### AVAILABLE DATA

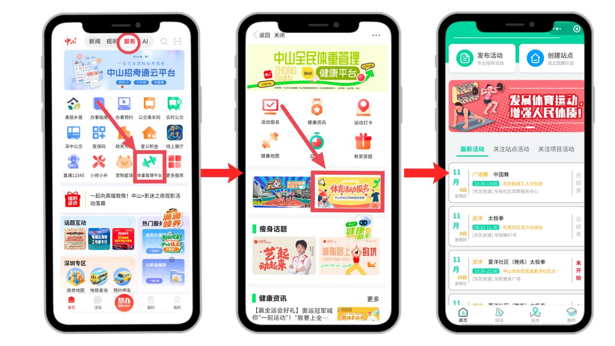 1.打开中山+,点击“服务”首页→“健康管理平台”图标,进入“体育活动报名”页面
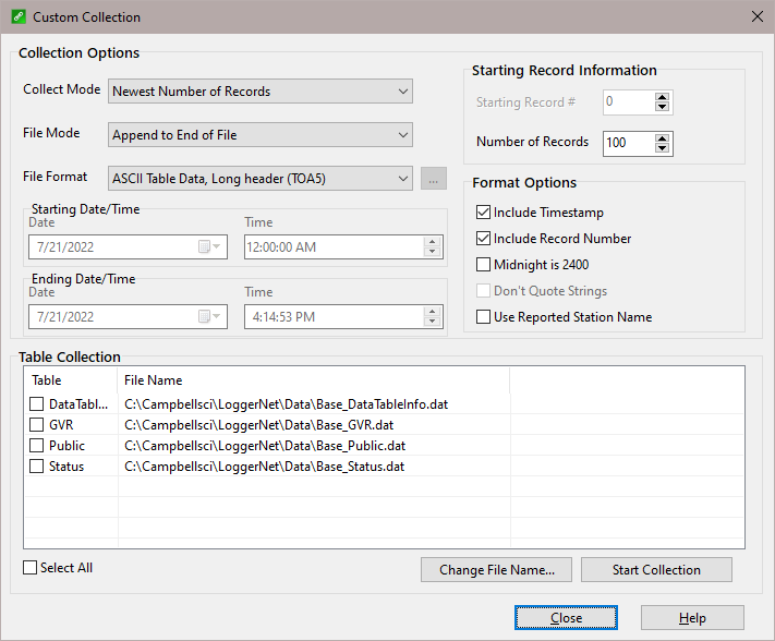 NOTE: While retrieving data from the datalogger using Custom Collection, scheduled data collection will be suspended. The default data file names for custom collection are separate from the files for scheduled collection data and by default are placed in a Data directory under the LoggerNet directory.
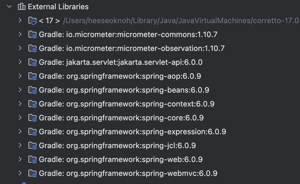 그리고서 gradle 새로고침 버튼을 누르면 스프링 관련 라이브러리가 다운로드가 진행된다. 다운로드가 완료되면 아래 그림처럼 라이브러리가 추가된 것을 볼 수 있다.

######

WORK ORDER:
For every line above, produce an exact transcription that omits the images.

OUTPUT OF THE EXERCISE:
 1.打开中山+,点击“服务”首页→“健康管理平台”图标,进入“体育活动报名”页面
 NOTE: While retrieving data from the datalogger using Custom Collection, scheduled data collection will be suspended. The default data file names for custom collection are separate from the files for scheduled collection data and by default are placed in a Data directory under the LoggerNet directory.
 그리고서 gradle 새로고침 버튼을 누르면 스프링 관련 라이브러리가 다운로드가 진행된다. 다운로드가 완료되면 아래 그림처럼 라이브러리가 추가된 것을 볼 수 있다.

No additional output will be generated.